キング・中村剛也がこだわる“スタンドティー”
2月1日に各球団スタートした春季キャンプも、いよいよ最終盤に突入。オープン戦もはじまり、チームも仕上げの段階に差し掛かっている。
キャンプでの練習は、一般的には10時前後からウォーミングアップが始まり、キャッチボールやペッパー、投内連係と練習メニューが進んでいく。その後、投手陣はブルペンでの投球練習やトレーニング、野手陣はノック、フリー打撃や総合練習が入り、全体練習後は個人メニューやランメニューというケースが多い。
特に、フリー打撃中にバックネット前で行われるティー打撃や、個人メニューで行われるロングティーなどを見ていると、その選手の取り組みや傾向を垣間見ることができる。
今回のキャンプで印象的だったのが、西武・中村剛也のフリー打撃。打球が南郷スタジアム左翼後方にある民家の屋根を直撃するなど、3年連続7度目となる本塁打王のタイトルに向けて好調さをアピールした。
その中村、全体練習後のロングティーでも快音を飛ばし、大きな当たりを放っている。ただ、他の選手と異なるのがスタンドティーを使って打っていることだ。
通常のロングティーは投げ手が斜め前からボールをトスし、バッターが打つというケースが多い。しかし、中村はティー打撃でもスタンドティーを使っている。トスされたボールを打つよりも、ボールが止まった状態から打つ方が難しいのだが、そこには「このポイントでボールを捕らえて、ホームランを打つ」という中村の強い意図が見て取れる。
選手の“意図”が見える練習
ティー打撃といえば、現在は巨人でプレーする片岡治大が西武時代に行っていた、「一風変わった」ティー打撃が印象的だ。
通常、ティー打撃はネットに対面して構えるのに対し、片岡はネットと平行の状態になって立ち、投げ手はキャッチャー方向からトスを行う。
ボールがトスされると、片岡は真横のネットに向かってボールを打ち返していく。それはなぜか…。シーズン中の片岡のバッティングを見ると、その意図が分かってくる。
2ストライクに追い込まれた片岡は、一塁方向へファウルを打って粘る。その打ち方は、まさにキャンプ中のティー打撃で見た光景と一緒だった。
一球でも多くファウルで粘り、ピッチャーの球数を増やす役割を求められる片岡にとって、それは当然のように行う練習法だったのかもしれない。

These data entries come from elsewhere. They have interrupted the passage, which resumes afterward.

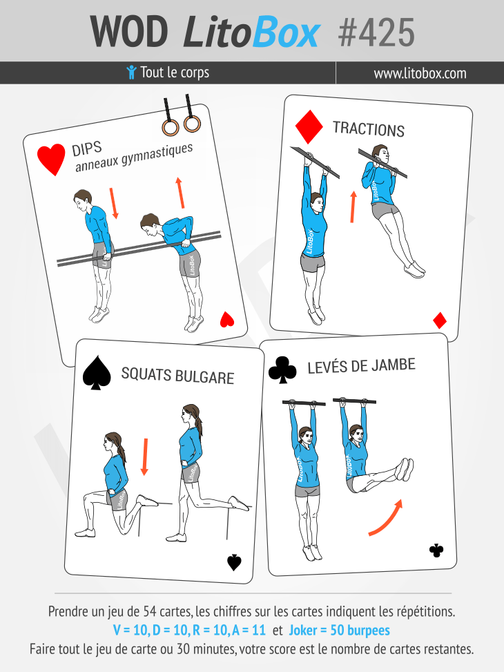 Challenge Litobox avec un jeu de cartes à jouer ! Un exercice est associé à chaque enseigne et la valeur de la carte indique le nombre de répétition à effectuer pour cet exercice. Retournez une carte et vous avez l’exercice et les répétitions pour cet exercice 😉 . Pour les honneurs (figures et As), vous comptez 10 répétitions pour les valets, dames et rois et 11 répétitions pour les As … et pour les Jokers c’est 50 burpees !
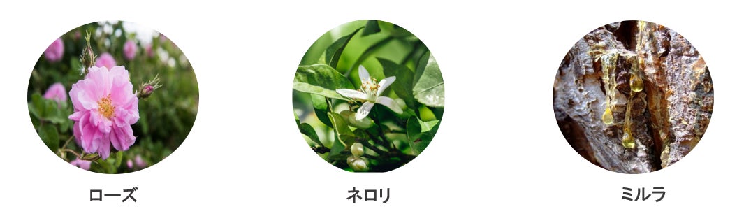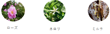 ローズ、ネロリ、ミルラをはじめとする天然精油をブレンド。
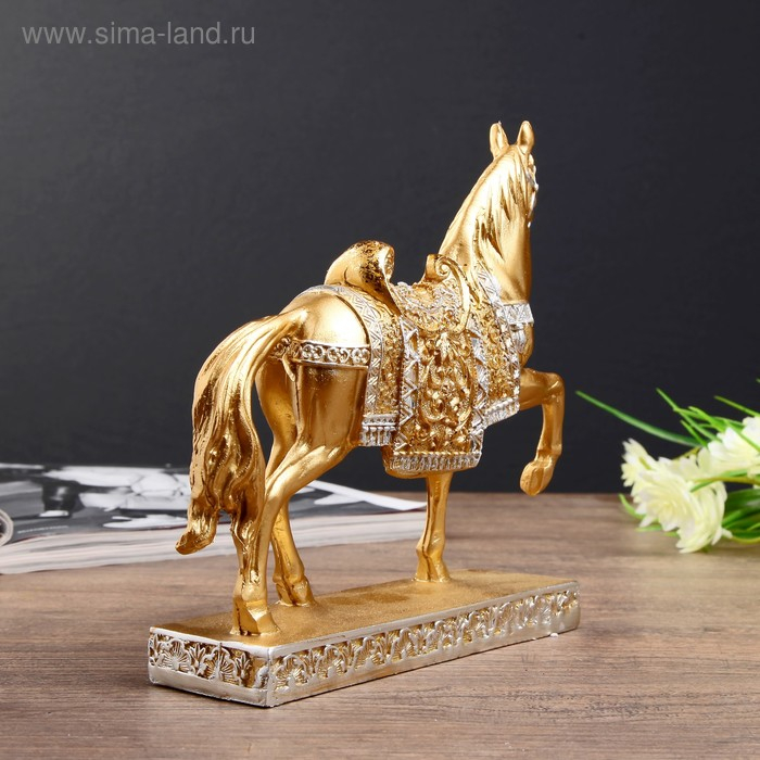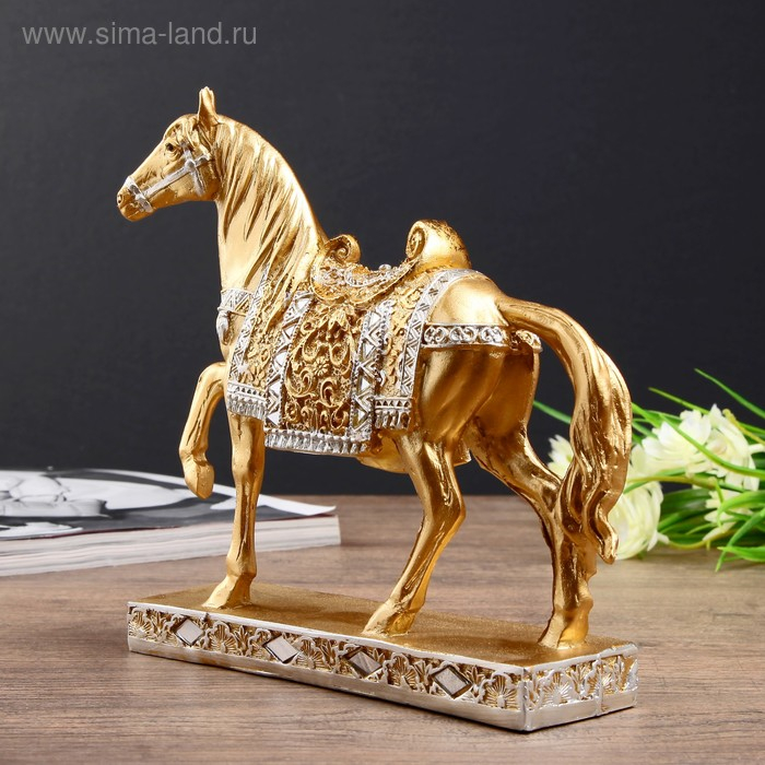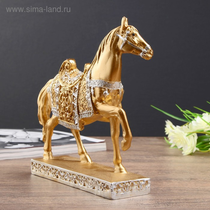 Сувенир полистоун "Золотой конь - аллюр" 17,5х19,5х5,4 см

一昨年は最多安打、昨年はトリプルスリーと一気に球界を代表する選手にまで成長したヤクルト・山田哲人も、大化けの裏には地道な練習があった。
杉村繁打撃コーチと試合前のルーティンとして行っていたのが、約10種類のティー打撃。これを継続して行い、その打撃を高めていった。
フリー打撃だけが打撃練習ではない。キャンプ中に見られるティー打撃にこそ、その選手を探るヒントが隠されている。